# Insulating an attached garage



## CooperRex (Jul 20, 2010)

My master bedroom is on top of my attached garage. It is very cold in the winter, and warm in the summer. I was wondering if insulating the garage would help. I believe the ceiling of the garage already has insulation (and I don't want to rip out the ceiling drywall). However, the walls of the garage do not have any insulation. Is it worth it to rip out the drywall and put insulation in the walls of the garage? Will that improve the temperature control in the garage, and therefore the master bedroom?

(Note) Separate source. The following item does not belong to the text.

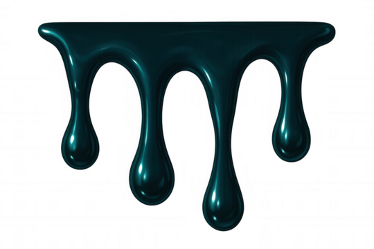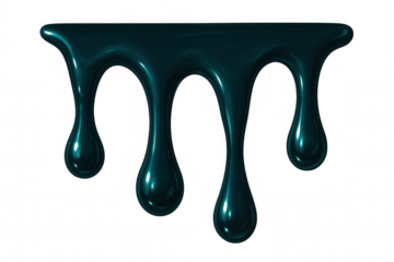 Thick, dark liquid dripping down against a transparent background, forming large, glossy drops that catch the light beautifully
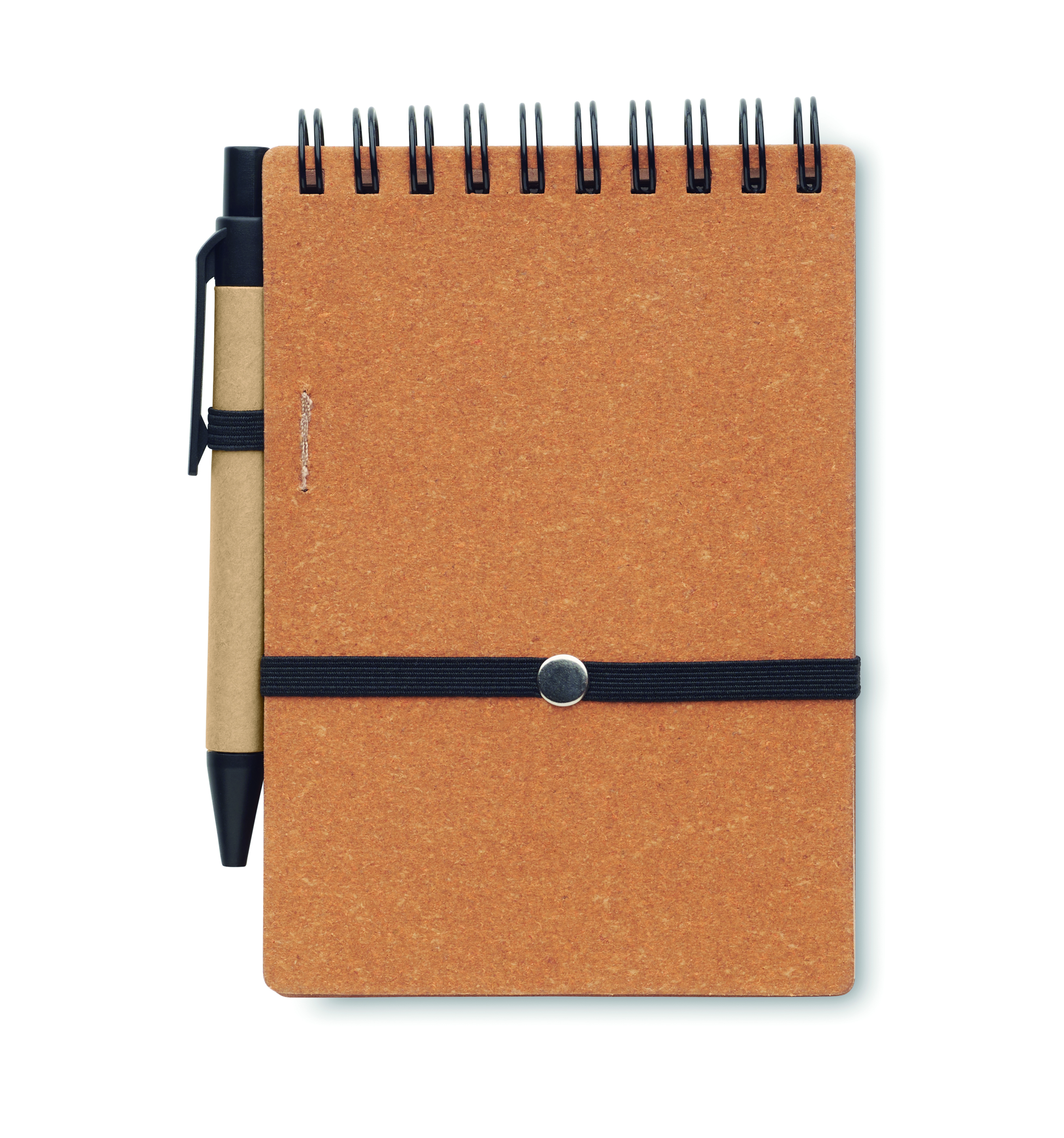 Notes z okładką z papieru z recyklingu i PU (70% papieru z recyklingu i 30% PU). Dwustronny. 140 stron w linie z papieru z recyklingu (70 arkuszy). Dopasowany długopis z przyciskiem wykonany z kartonu z recyklingu i z elementów ABS. Niebieski tusz. Gumka zamykająca i elastyczny uchwyt na długopis. FSC®-certified | FSC MIX CREDIT, P7.1, FSC-C213206

I realize that there are multiple areas that may need improvement (new garage doors that don't leak air, new windows in the master bedroom), but for now, since I am going to have the garage painted, I was wondering if wall insulation will help.
Thank you!


----------



## joecaption (Nov 30, 2011)

Not going to help much.
Never once have I seen the propper amount of insulation over a garage, and just as often there was no air sealing done before it went up.


----------



## Gary in WA (Mar 11, 2009)

I agree with Joe, not help much, especially if you have a vehicle door or use it as a garage for parking. On top of that, if in a heating climate, the garage floor is right on the cold earth, and *unheated*. So your thermal barrier (insulation) is at the ceiling and gets cold from garage space cold air, similar to a crawlspace/earth, Fig. #7: http://www.buildingscience.com/documents/insights/bsi-009-new-light-in-crawlspaces/

Gary


----------



## Windows on Wash (Aug 30, 2011)

+1

You can't treat it as a conditioned space if you have a car or any chemicals in there. The best way to to move the insulation layer to the garage ceiling. It isn't cheap though.


----------